Самое важное дело здесь — давать информацию, которую технические средства должны держать в своей памяти, чтобы принимать правильные решения. Распоряжение информацией уже входит и будет входить в обязанности экспертов всех видов. Правящий класс есть и будет классом, который принимает решения. Но он уже образуется нетрадиционным политическим классом, а разнородным слоем, сформированным из руководителей предприятий, крупных функционеров, руководителей больших профессиональных организаций, профсоюзов, политических партий и религиозных конфессий.[25]

В этом контексте новым является то, что бывшие полюса притяжения, созданные национальными государствами, партиями, профессиями, институтами и историческими традициями, теряют свою привлекательность. И не похоже, что они будут заменены, по крайней мере, в том масштабе, какой они сейчас имеют. Трехконтинентальная Комиссия не является больше популярным полюсом притяжения. «Отождествление» с великими именами, героями современной истории становится все более трудным.[26]Больше не вдохновляет стремление «догнать» Германию, что в общем-то предлагал президент Франции как цель жизни своим соотечественникам. К тому же, может ли это быть целью жизни? Такая цель остается на усмотрение каждого. Каждый предоставлен сам себе. И каждый знает, что этого «самому себе» — мало.[27]

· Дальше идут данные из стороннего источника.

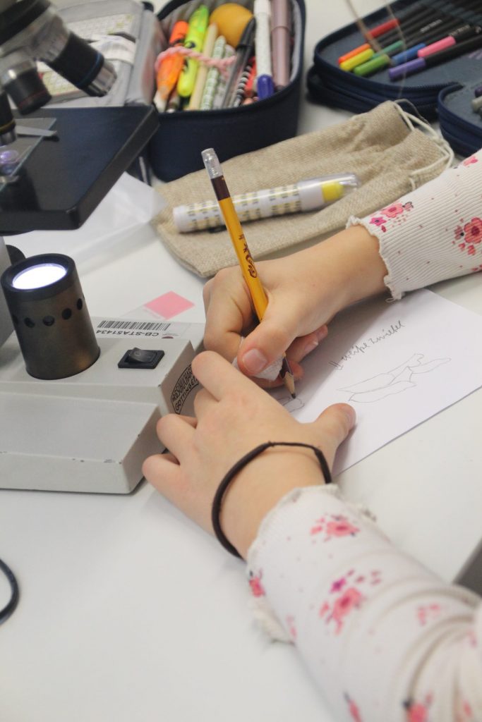 Wir haben auch einige Kinder aus der Science-AG gefragt, warum sie mitmachen. Die Antworten waren ganz unterschiedlich. Matilda wollte zur Science-AG kommen, weil sie unsere Schule kennenlernen wollte. Am Anfang war sie sehr nervös, aber inzwischen fühlt sich alles ganz normal an. Ihr macht die AG viel Spaß und sie merkt, dass sie ordentlicher arbeitet. Karl war am Anfang gar nicht nervös. Er findet, dass der Unterricht in der Science-AG spannender ist und besser erklärt wird als normaler Unterricht. Nur das Einstellen eines Mikroskops fand er zunächst schwierig. Bisher konnte er viele neue Dinge lernen und ausprobieren.
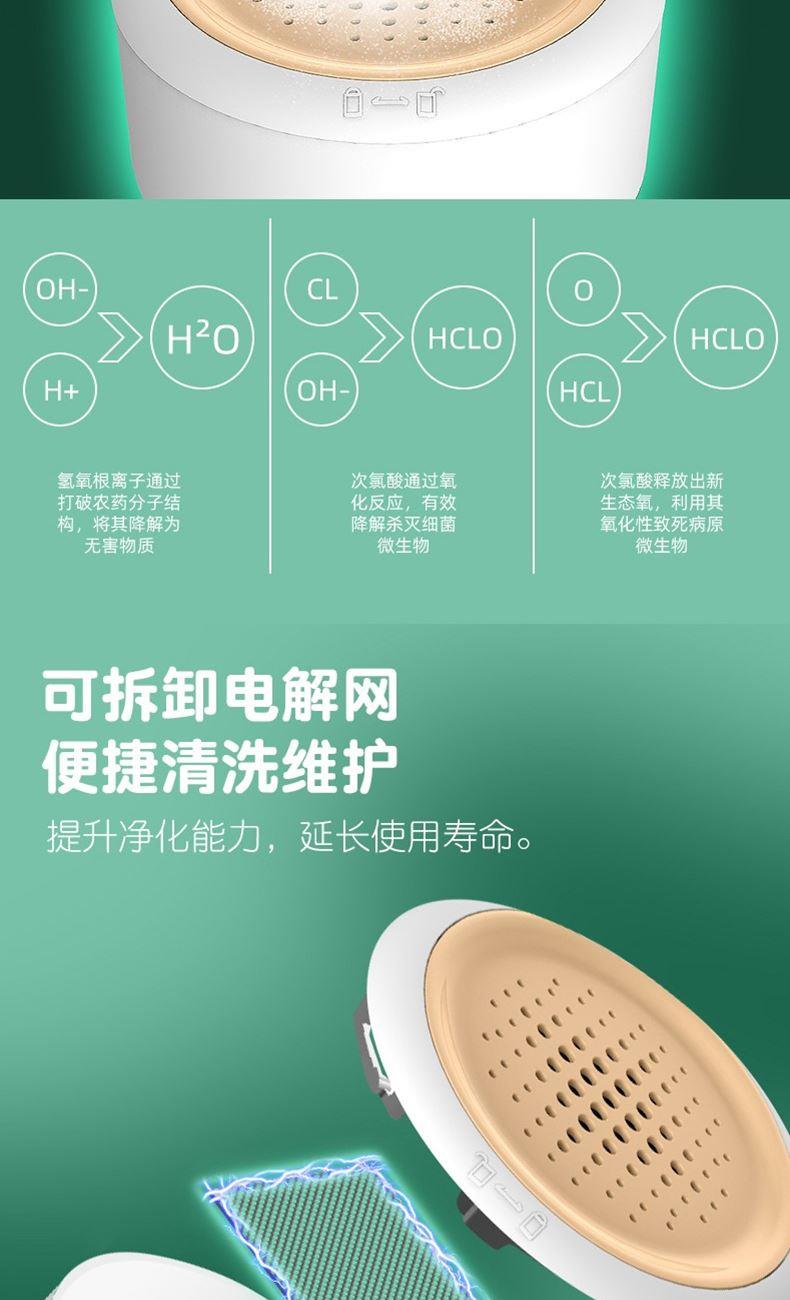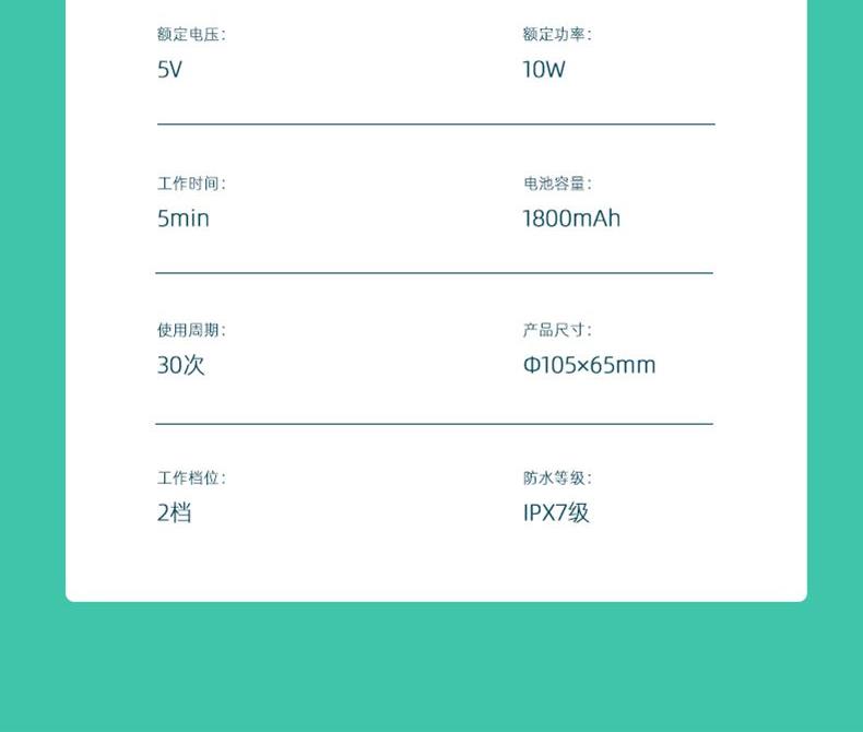 額定功率:10W 電池容量1800mAh 單次工作時間:5min 檔位:2檔 羥基水離子凈化,以水為原料 不挑容器,磁吸款使用便捷 母嬰放心用,嬰孩器具消毒 多重防電保護(hù),低電壓不漏電 一鍵啟動,父母操作無壓力 高效滅,除率99.99%

Из этой декомпозиции великих рассказов, которые мы будем рассматривать дальше, следует, что никто не рассматривает разрыв социальной связи и переход социальных групп в состояние некой массы, состоящей из индивидуальных атомов, вовлеченных в абсурдное броуновское движение.[28]В этом ничего нет, это всего лишь одно видение, которым, как нам кажется, овладели «райские» представления о потерянном «органическом» обществе.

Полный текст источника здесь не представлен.